Politicians were invented to make paper shuffling as complicated and drawn out as possible – and we pay them to do it.
A case in point is the administrative lunacy behind the reparation of a defective section of the A-7 between Carchuna and Castell de Ferro: the Regional Government under the socialists, and the Central Government, under the conservatives, are basically passing the buck, blaming each other for failing to produce the necessary reports and documents.
It is the age-old case of political point scoring to the detriment of the general pubic.
It goes without saying that if nobody within either politically motivated administrative body were to receive a cent in salary until the problem was resolved, the situation would long since have been sorted out.
The Ministry of the Environment in Madrid has finally sent a ‘long-awaited’ document to the Junta de Andalucia, informing them of the environmental impact of blasting – the Junta had demanded the report in order to issue the licence for the said blasting.
The provincial delegate for the Central Goverment immediately demanded that the Junta act with “celerity” and issue the licence so that work can commence… even though summer is now upon us.

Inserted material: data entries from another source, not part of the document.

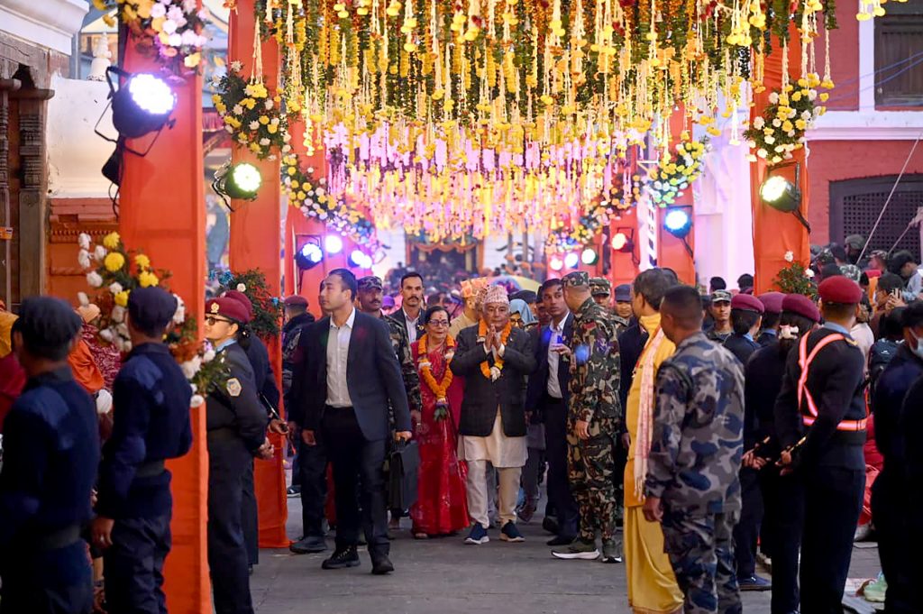 Also the Chairman of the Pashupati Area Development Trust (PADT), the Minister for Culture, Tourism and Civil Aviation, Anil Kumar Sinha, ministry secretary, PADT office bearers, local level representatives, and high level officials of the Guthi Sansthan welcomed President Paudel in the temple premises.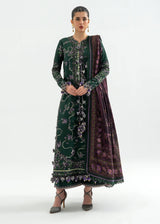Radiating timeless elegance, this dark green long khaddar shirt features a stunning lavender traditional neckline and a delicate floral jaal cascading down the center. The design is elevated with a beautifully composed heavy hem and intricate borders, while chintz -inspired sleeves add a touch of artistic charm. Paired with a matching bordered culotte and a printed deep purple wool shawl adorned with traditional floral patterns and finished with printed facings — this ensemble captures the essence of heritage with a modern, graceful allure.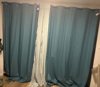 Vend lot de 4 rideaux Mesures: 2 rideaux bleu foncée 140x260 cm 2 caches rideaux blanc: 140x260 cm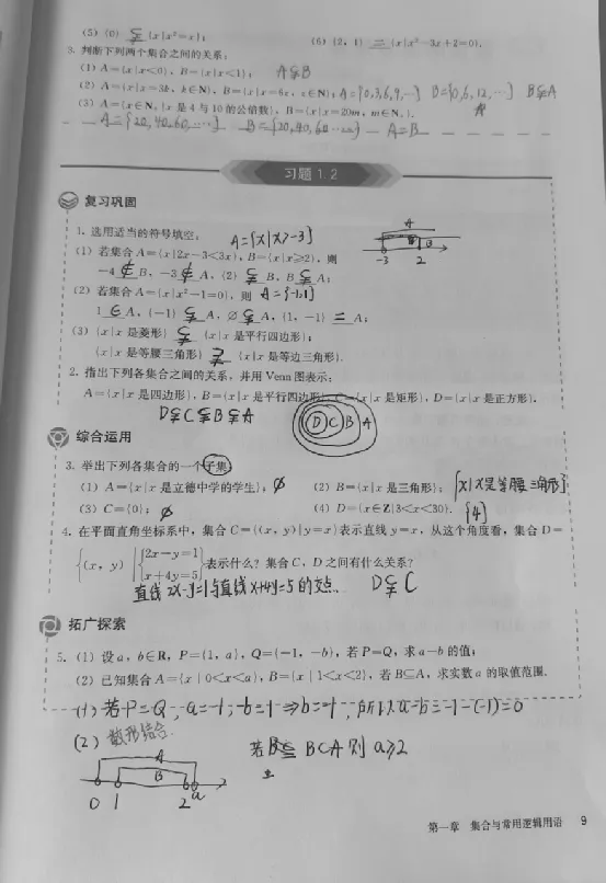 在学习这一节内容时还需要做一个很重要的辨析:那就是属于关系和包含关系的区别。这一点在教材第8页的思考题中有谈到,我的理解是包含关系针对的是集合与集合的关系,而属于关系是元素与集合的关系,它们所针对的研究对象是不一样的,因此在做课后练习的第2题和习题1.2的第1题时需要重点关注题目到底研究的是哪两个概念之间的关系。
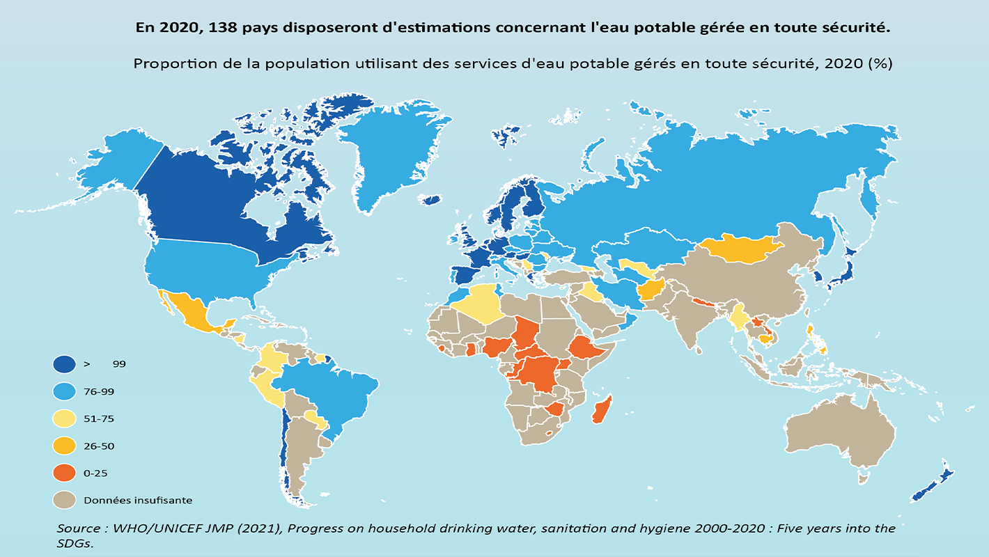 L’eau est d’une importance capitale pour le développement durable. C’est pourquoi, la distribution d’une quantité d’eau suffisante et de qualité à tous est prise en compte dans l’agenda 2030 de l’ONU. Dans un contexte où la quantité de l’eau disponible à l’humanité se raréfie, mettant des régions en entier dans des situations de stress hydrique, une gestion efficace de l’eau est nécessaire. Selon un rapport de l’ONU en 2015, le monde devra faire face à un déficit hydrique de 40% dès 2030. La rareté de l’eau, fera du stress hydrique le principal problème du 21ème siècle. Actuellement, il y a 2 milliards de personnes qui sont touchées par le problème du stress hydrique. Chaque année, l’Unicef dénombre 2.6 millions de personnes qui meurent en raison des maladies liées à l’eau et à un environnement de qualité. Cependant, de réels progrès ont été réalisés au cours des dernières décennies, car entre 2000 et 2017, le nombre de personnes ayant accès à l’eau est passé de 5 à 6.5 milliards. Selon l’Organisation mondiale de la Santé (OMS), 1.3 milliard de personnes, soit 17% de la population mondiale, doivent parcourir près de 30 minutes pour avoir accès à l’eau.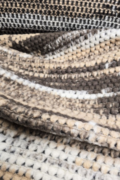 Paksuhko villasekoitakangas, jonka pohja on ohutta väljää neulosta johon on kudottu nyppyjä. Sopii hyvin esimekriksi sisätakkeihin, torkkupeittoihin ja sisustustyynyihin.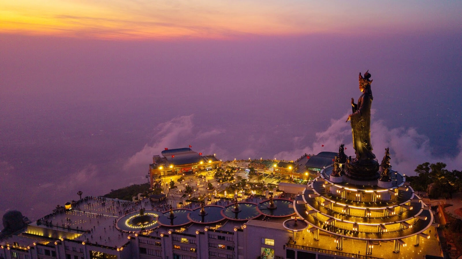 On the night of the Full Moon of the First Lunar Month, the peak of Black Lady Mountain turns into a sea of lights with the grand lamp offering ceremony taking place from early afternoon until evening. Thousands of lamps are lit, sparkling around the square and the path leading up to the Buddha statue, creating a mystical and solemn scene.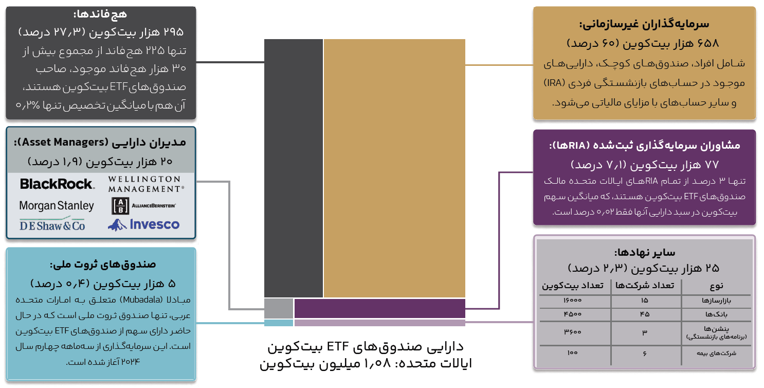 برخلاف چرخههای قبلی که سرمایهگذاران خرد محرک اصلی بودند، در سال 2024 صندوقهای سرمایهگذاری قابل معامله بیتکوین (ETF) و کسبوکارها خریداران اصلی بیتکوین بودند.

The Madrid document basically says that the already existing environmental-impact study is still valid, the construction programme hasn’t concluded, thus the repair work does not need a new environmental-impact report.
The repair work, with a budget of 2.4m euros, will stabilise the subsiding hillside. The trouble is that we’re in June and the A-7 is about to bear three months of its heaviest traffic – not exactly a choice moment to close sections down whilst the hillside is undergoing blasting, but that’s bureaucrats for you.